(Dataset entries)
____
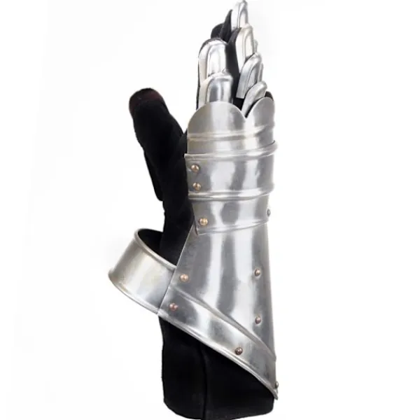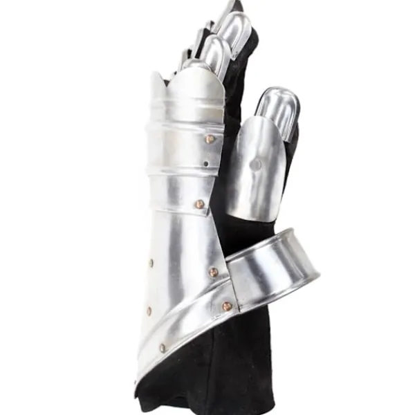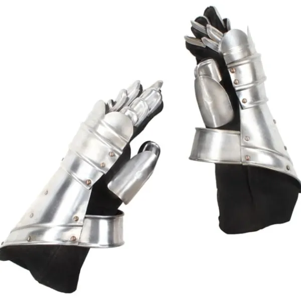 Harneskhandskarna är perfekta för att komplettera din riddarrustning. De erbjuder ett bra skydd och är perfekta för LARP (live action rollspel), cosplay, teater och historiska återberättelser. Harneskhandskarna är en kopia av medeltida harneskhandskar. De är lätta att bära och tillåter fullt rörelseomfång för dina händer, fingrar och handleder. Varje finger är täckt i stålfjäll för flexibilitet och rörlighet. Harneskhandskarna är tillverkade i 18-gradigt stål med ett behagligt sammetsfoder. De antika handskarna har utformats för att skydda händer, handleder och delar av armarna.
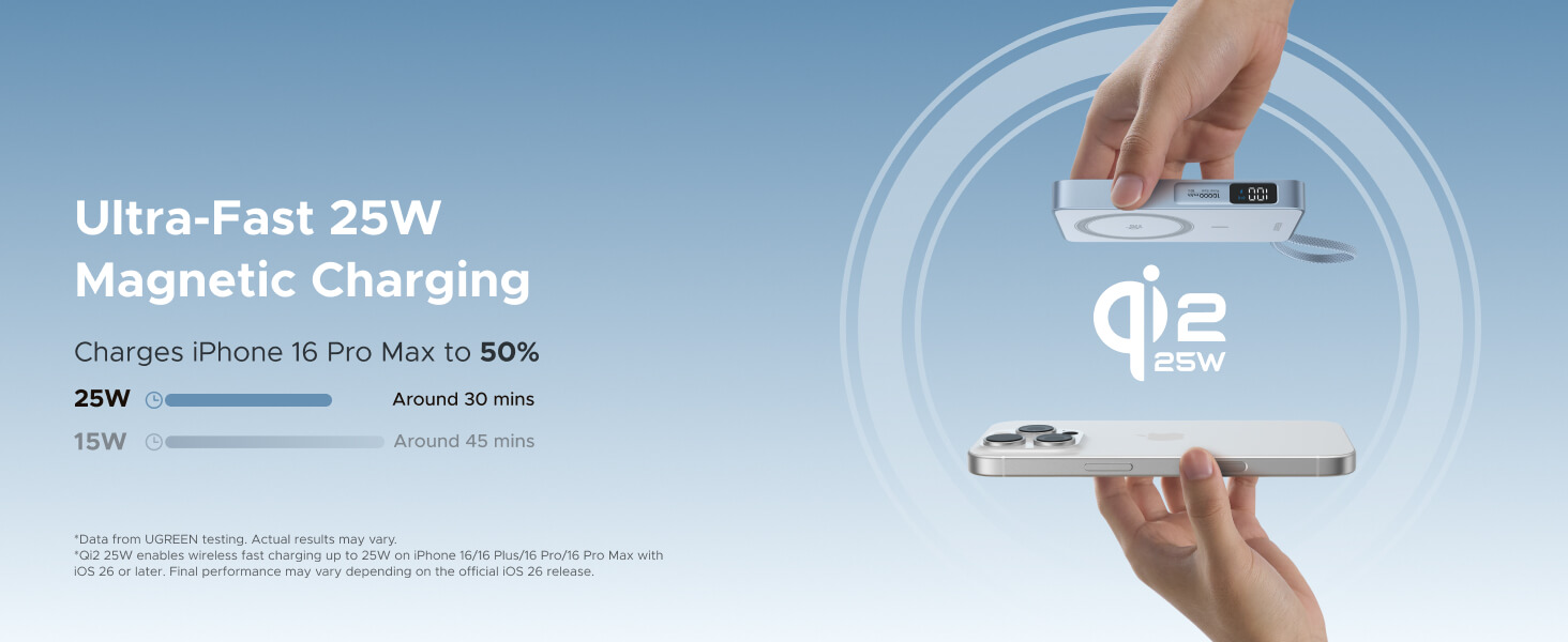 - 25W Qi2 fast charging: Charges iPhone 16 Pro to 50 percent in 30 minutes, fully MagSafe-compatible. Also works with AirPods, Galaxy Buds, Pixel 10 Pro, and other Qi-enabled devices.
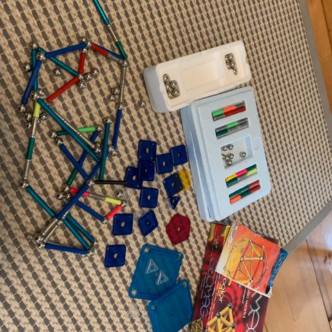 Kaksi Geomag pakettia: Colors ja Panels lasten lelu rakennussarja sisältää värikkäitä magneettisia palikoita ja palloja. Noin 300 palaa.
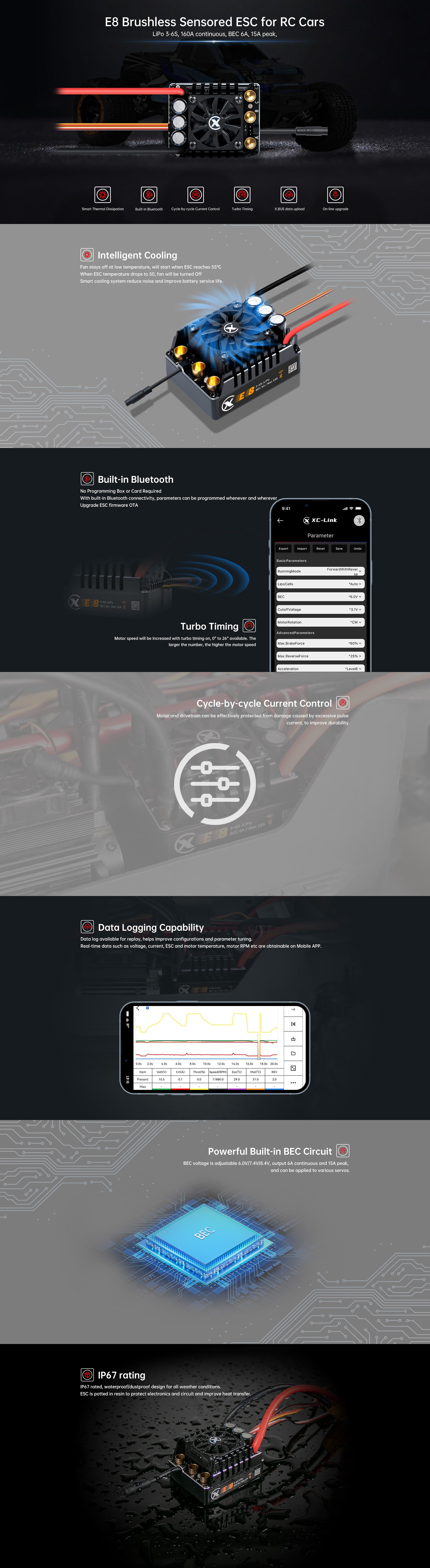 XC E8 ESC Electronic Speed Controller for RC Car 1/8th / 160A (3~6S)
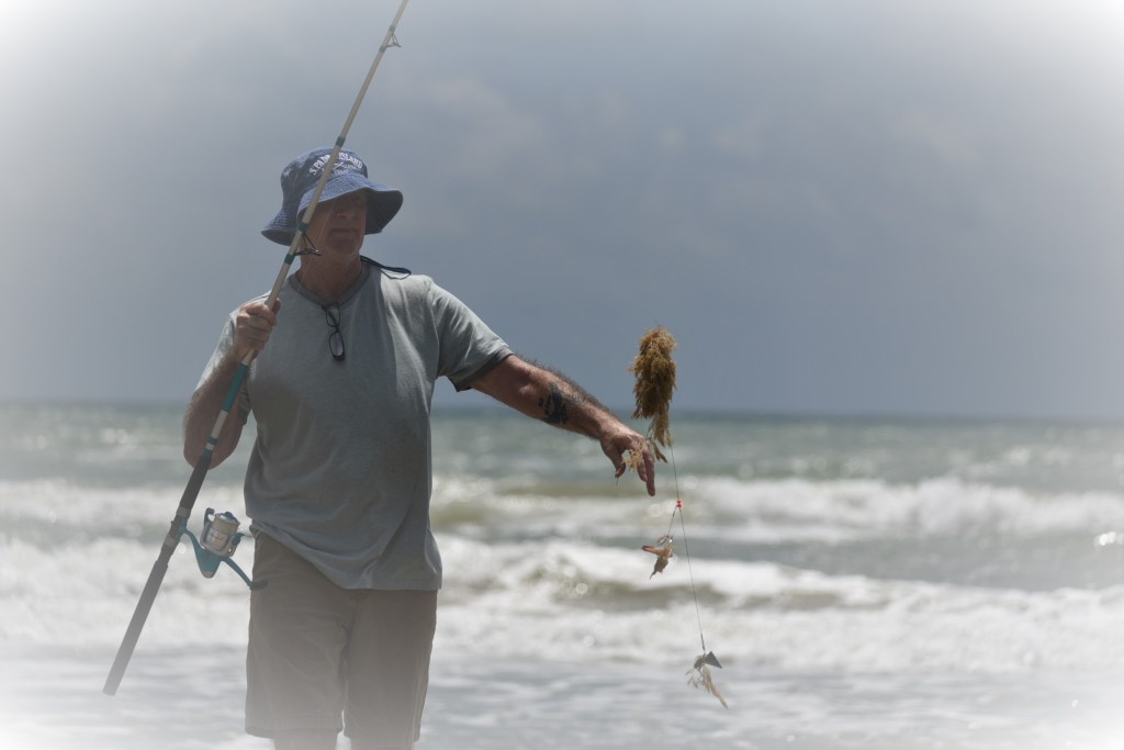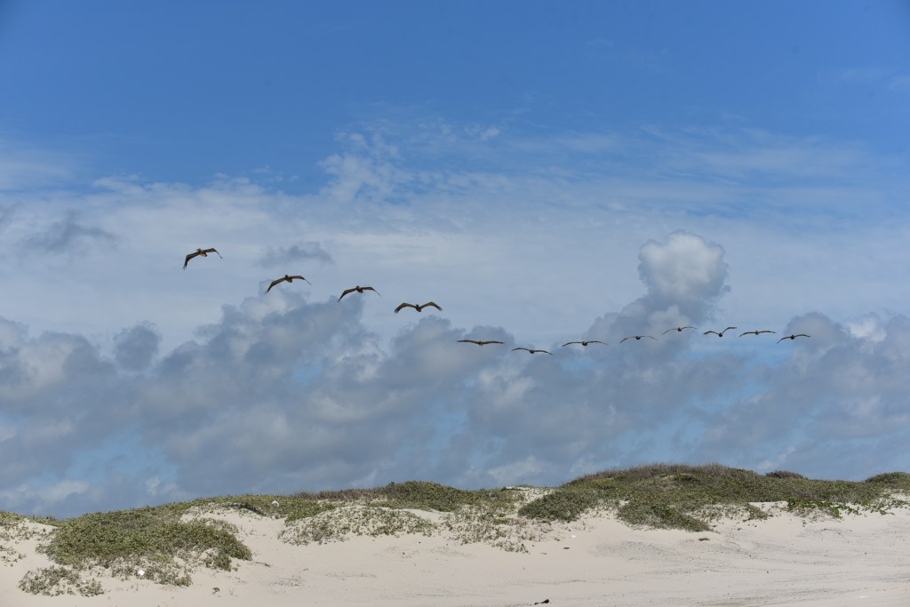It was a hot day, but a beautiful day at Padre Island National Seashore. The catch of the day was seaweed, but the birds were entertaining.
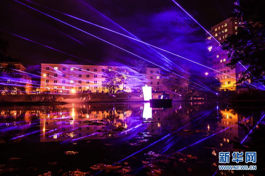 這是9月28日在波蘭羅茲市中心拍攝的2018“舞動”燈光節(jié)現(xiàn)場。2018“舞動”燈光節(jié)于9月28日至30日在波蘭中部交通樞紐城市——羅茲市舉行,各式各樣的光影表演在這座城市的各個角落同時上演,組成了一場如夢如幻的大型燈光秀。新華社記者陳序攝
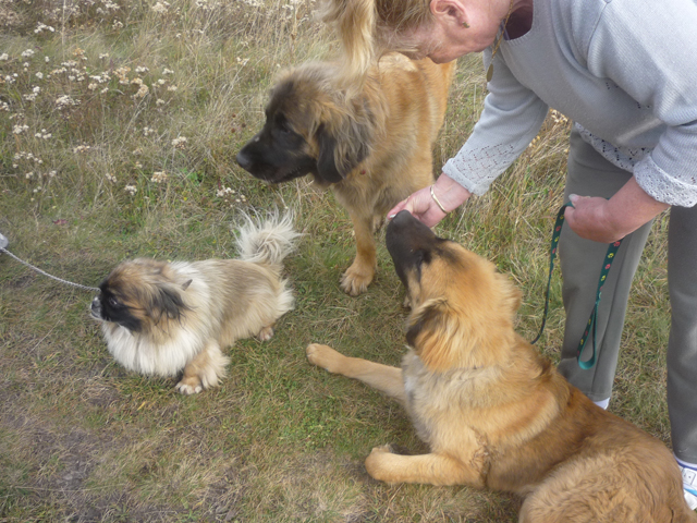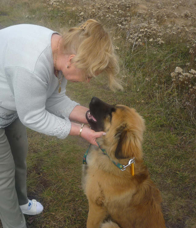 Szinte egy hét sem telt el, máris több kedves érdeklődő jelentkezett, hogy szeretné Barnust megnézni. Mária és lánya, Babi már úgy érkeztek, hogy el is viszik őt, mint utólag kiderült! :) Sokat beszélgettünk a gazdijelöltekkel, akik számtalan kutyás élményt megosztottak velünk és eközben világossá vált, hogy ők lesznek az IGAZIAK! Vállalták, hogy Barnust ivartalaníttatják, hogy már náluk lábadozhasson és mi beleegyeztünk. Másnap vittük új otthonába, ahol nagy szeretettel várták, a családból többen is eljöttek, hogy lássák az új lakót. A családnak már van egy leonbergi szukája és egy idős palotapincsije, akik először bizalmatlanul és nem túl nagy örömmel méregették a jövevényt. A közeli réten összeengedtük a kutyusokat, akik így már nagyobb bizalommal fordultak egymás felé, később a kertben pedig már játszottak is együtt.
____
--- Problem to work on ---
Apart from the images, please copy every line of the data exactly as written.

--- Result of this task ---
 Harneskhandskarna är perfekta för att komplettera din riddarrustning. De erbjuder ett bra skydd och är perfekta för LARP (live action rollspel), cosplay, teater och historiska återberättelser. Harneskhandskarna är en kopia av medeltida harneskhandskar. De är lätta att bära och tillåter fullt rörelseomfång för dina händer, fingrar och handleder. Varje finger är täckt i stålfjäll för flexibilitet och rörlighet. Harneskhandskarna är tillverkade i 18-gradigt stål med ett behagligt sammetsfoder. De antika handskarna har utformats för att skydda händer, handleder och delar av armarna.
 - 25W Qi2 fast charging: Charges iPhone 16 Pro to 50 percent in 30 minutes, fully MagSafe-compatible. Also works with AirPods, Galaxy Buds, Pixel 10 Pro, and other Qi-enabled devices.
 Kaksi Geomag pakettia: Colors ja Panels lasten lelu rakennussarja sisältää värikkäitä magneettisia palikoita ja palloja. Noin 300 palaa.
 XC E8 ESC Electronic Speed Controller for RC Car 1/8th / 160A (3~6S)
It was a hot day, but a beautiful day at Padre Island National Seashore. The catch of the day was seaweed, but the birds were entertaining.
 這是9月28日在波蘭羅茲市中心拍攝的2018“舞動”燈光節(jié)現(xiàn)場。2018“舞動”燈光節(jié)于9月28日至30日在波蘭中部交通樞紐城市——羅茲市舉行,各式各樣的光影表演在這座城市的各個角落同時上演,組成了一場如夢如幻的大型燈光秀。新華社記者陳序攝
 Szinte egy hét sem telt el, máris több kedves érdeklődő jelentkezett, hogy szeretné Barnust megnézni. Mária és lánya, Babi már úgy érkeztek, hogy el is viszik őt, mint utólag kiderült! :) Sokat beszélgettünk a gazdijelöltekkel, akik számtalan kutyás élményt megosztottak velünk és eközben világossá vált, hogy ők lesznek az IGAZIAK! Vállalták, hogy Barnust ivartalaníttatják, hogy már náluk lábadozhasson és mi beleegyeztünk. Másnap vittük új otthonába, ahol nagy szeretettel várták, a családból többen is eljöttek, hogy lássák az új lakót. A családnak már van egy leonbergi szukája és egy idős palotapincsije, akik először bizalmatlanul és nem túl nagy örömmel méregették a jövevényt. A közeli réten összeengedtük a kutyusokat, akik így már nagyobb bizalommal fordultak egymás felé, később a kertben pedig már játszottak is együtt.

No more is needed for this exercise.